I'm building a 1928 Colt Browning machine Gun (semi auto only) from a parts kit. Look on the lower right on this web page to see a finished item. http://browningmgs.com/Images_1919A4/Brownings.htm

This thread shows how to make the right side plate from scratch. FYI, this part is considered the receiver and is always destroyed when buying a parts kit.

The first job is getting a piece of stock ready. It has to be 14.47 long by 4.07 wide by .250  thick and FLAT. One side needs a mirror finish. The flat requirement has proven to be a real problem in the past, machine metal off and the part becomes a banana due to relieving stresses in the metal. 

1) started with 3/8 HSLA plate stock and ruff sawed

2) Cut both edges parallel in the  manual mill.

3) mount part in soft jaws and face 0.040" off both sides, gets rid of nearly all stress. Unclamp part and you have a banana. With this stock, bow was about 0.010" 

4) remove 0.005" at a time with a fly cutter. Flip part and repeat until metal is flat and perfect on at least one side. Not shown, final cut uses the face mill again to get to 0.250 thickness.


----------



## Karl_T (Feb 11, 2015)

OK, the real job is getting a correctly designed part. Can be a real challenge when there's no such thing as a print. In this case, I bought a partially completed RSP that had several minor problems. I measured the heck out of it and then resold it a couple days later. Couple years ago I did an FN30 and had to design from pics and estimating what it must be.

I use draftsight X64 to get as much detail as possible. 

I hand Gcode but use draftsight for tool paths. this is done by creating a layer for each tool and drawing the exact path for it to run. Really quite easy once you're done this a few times. The layer is saved to a .dxf file and put into a .dxf to gcode converter. I use NCplot, purchased very cheaply years ago when the product was being developed and the author needed beta testers.

In a great many cases the same tool path is run several times at increasing depth each pass. This is hand gcoded using "parametric programming".  Fancy word for just running the same code segment many times while increasing Z depth each pass.

Slots are a special case. experience has taught me to program a slot with a center line and offset amount, then loop the code several times to depth. This makes it extremely easy to make fine tuning adjustments right at the machine. Look in the slot program for how to use variables in gcode.

From this beginning gcode, "part 1" is made. It is for seed as many small errors are to be expected. With this gcode method an adjustment is made right at the control, no need to go back to design.

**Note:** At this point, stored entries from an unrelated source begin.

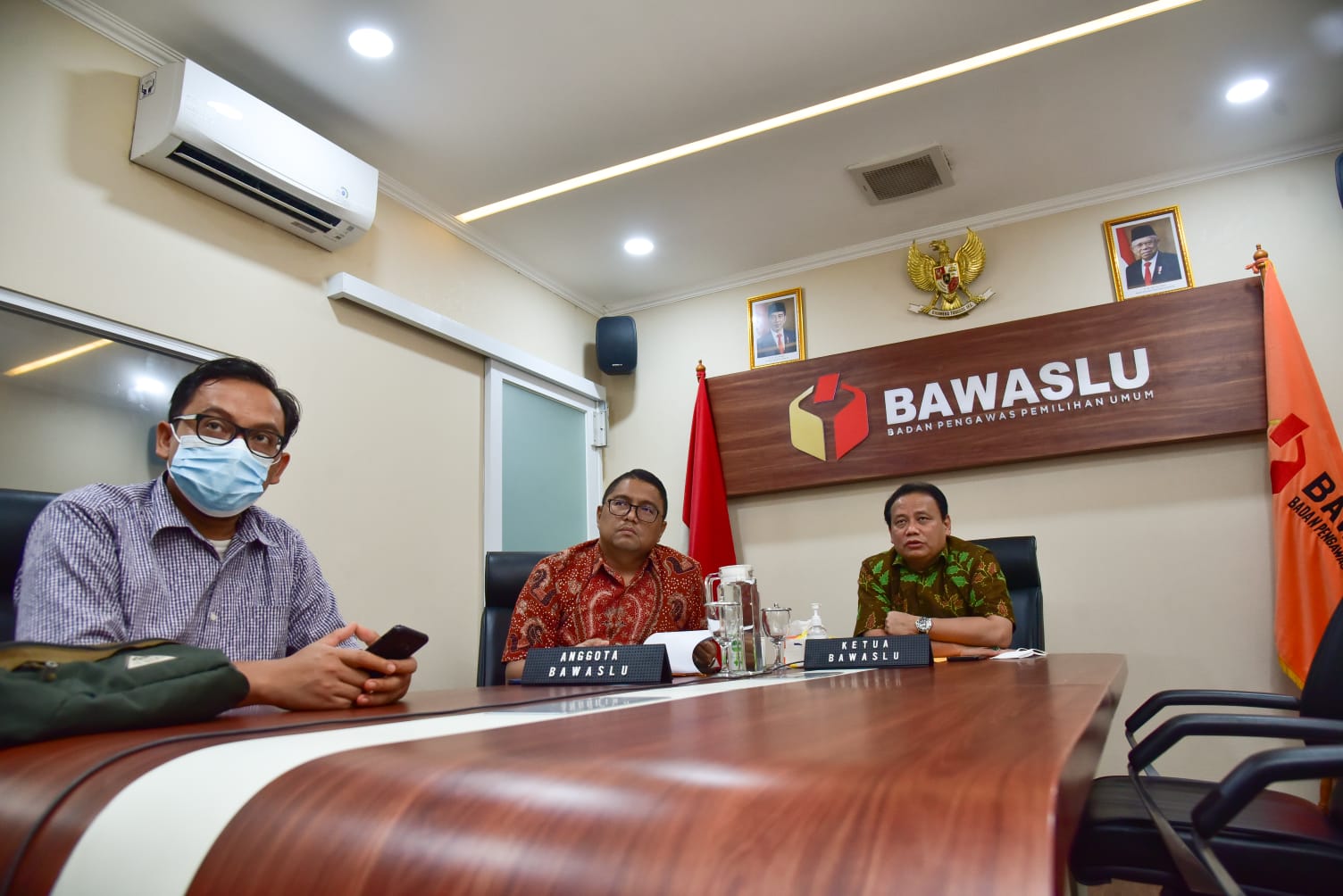 Ketua Bawaslu Abhan (kanan) dan Anggota Bawaslu Fritz Edward Siregar (tengah) saat melakukan rapat koordinasi secara daring dengan Bawaslu Papua dalam persiapan pengawasan PSU Yalimo, Rabu 29 Desember 2021/Foto: Pemberitaan dan Publikasi Bawaslu RI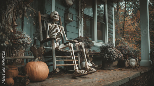 Skeleton sitting on a rocking chair by the porch , Hallowen, photo style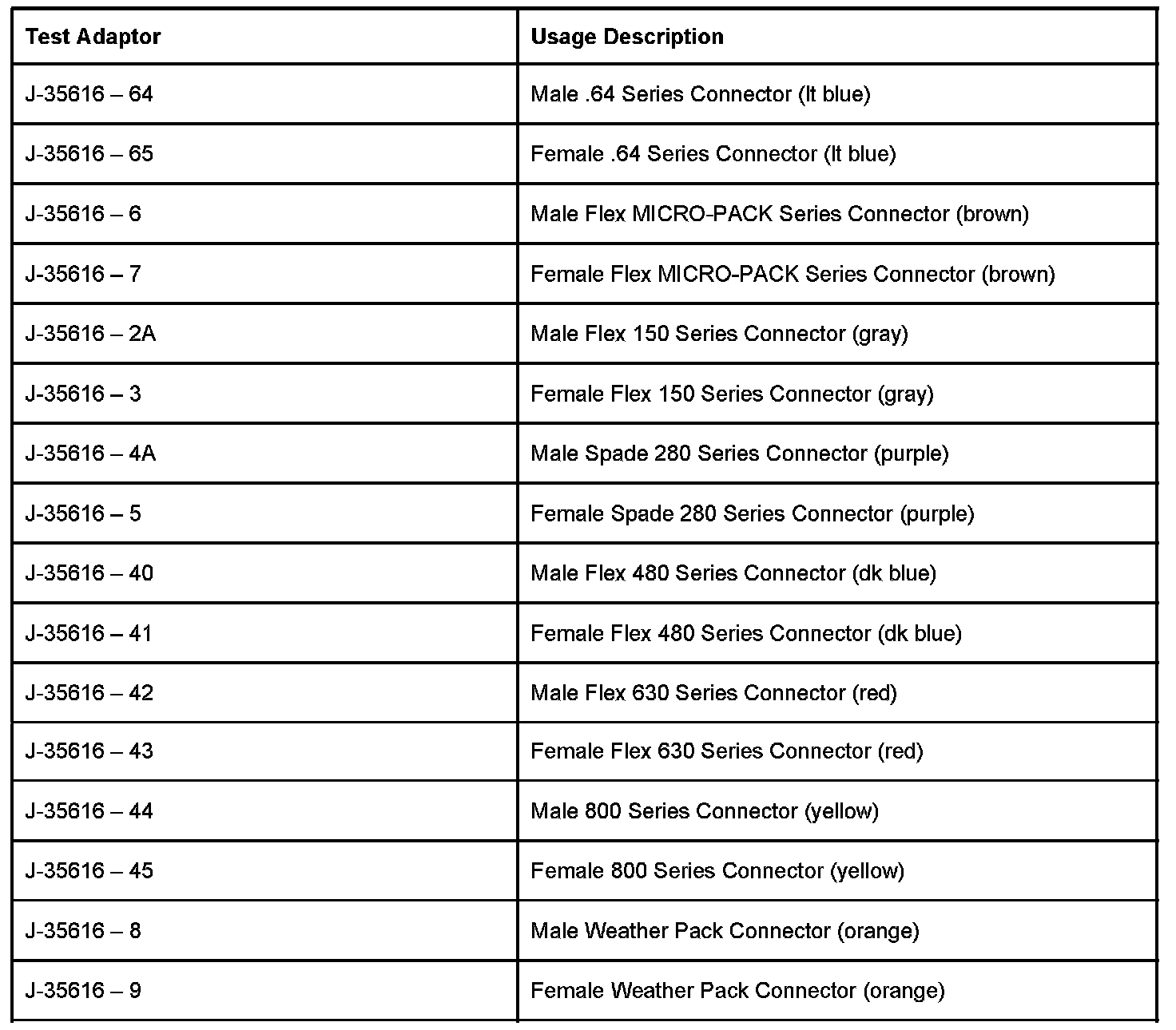 Refer to the table as a guide in selecting the correct test adapter for frontprobing connectors: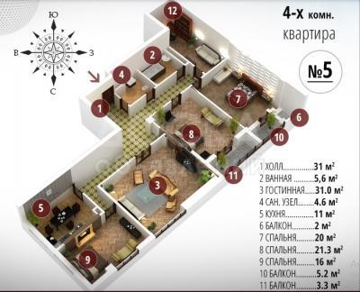 Продаю 4-х к. квартиру 161м2 псо в 7 микрорайоне (Глобус), 7 этаж из 13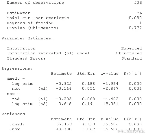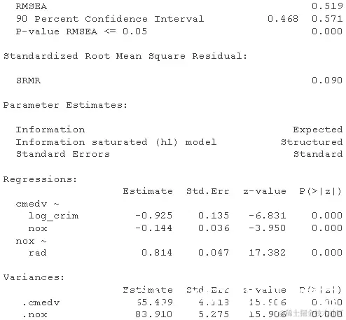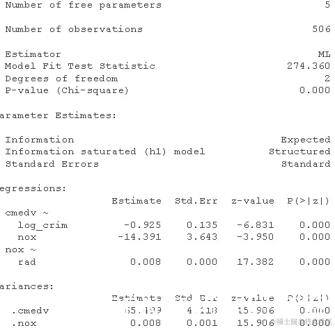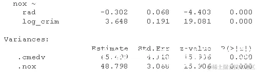 在这里,我们看到如果我们允许 log_crim 预测 ,模型拟合会大大提高nox。这是否具有理论上的意义是另一回事(而且可能更重要)。出于演示目的,让我们接受需要自由估计这条路径。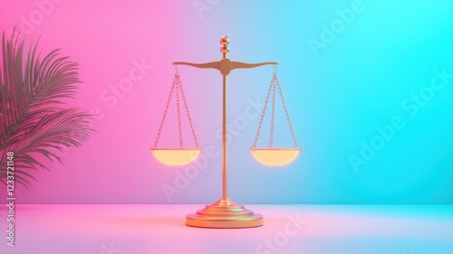 Artistic representation of justice scales on colorful background.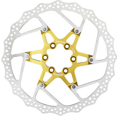 " Specials " Brake Disc Rotor Bicycle Reverse Components Aluminium / Steel 180mm 6 Bolt Gold Colour match your ride! Our 2 piece alloy / steel disc rotor gives you a ton of options for your custom build. Our high performance steel braking surface provides you the optimum brake power and the alloy spider keeps the weight low. Available for all brake models.

This job was done with nine tools. The face mill and fly cutter in the manual machine. Five drills and four endmills in the CNC. ThIs CNC is set up to adjust the table height for each tool change.


----------



## Karl_T (Feb 11, 2015)

OK here's some CNC machine porn:


----------



## Karl_T (Feb 11, 2015)

Here's the deburred part all fit together to double check its all in spec.

Still a bit more machine work to do before assembling the weapon but nothing major.


----------



## sd624 (Feb 11, 2015)

Nice work Karl. I need to get me a CNC setup. Either a new setup or convert one of my Bridgeport's over to it.


----------



## barlow l (Feb 11, 2015)

What a gorgeous weapon. Going to turn heads at the range! Are you making the SA trigger and sear?


----------



## MarkStephen (Feb 11, 2015)

Very nice. Not having a known good drawing and the lack of a proper sized mill has kept me from building one of these kits. I can remember when they were going for ~$200.00 a pop. 

A bit more pricy than that today. anic: 

Mark


----------



## Karl_T (Jan 31, 2019)

Had a request for the drawings. here ya go


----------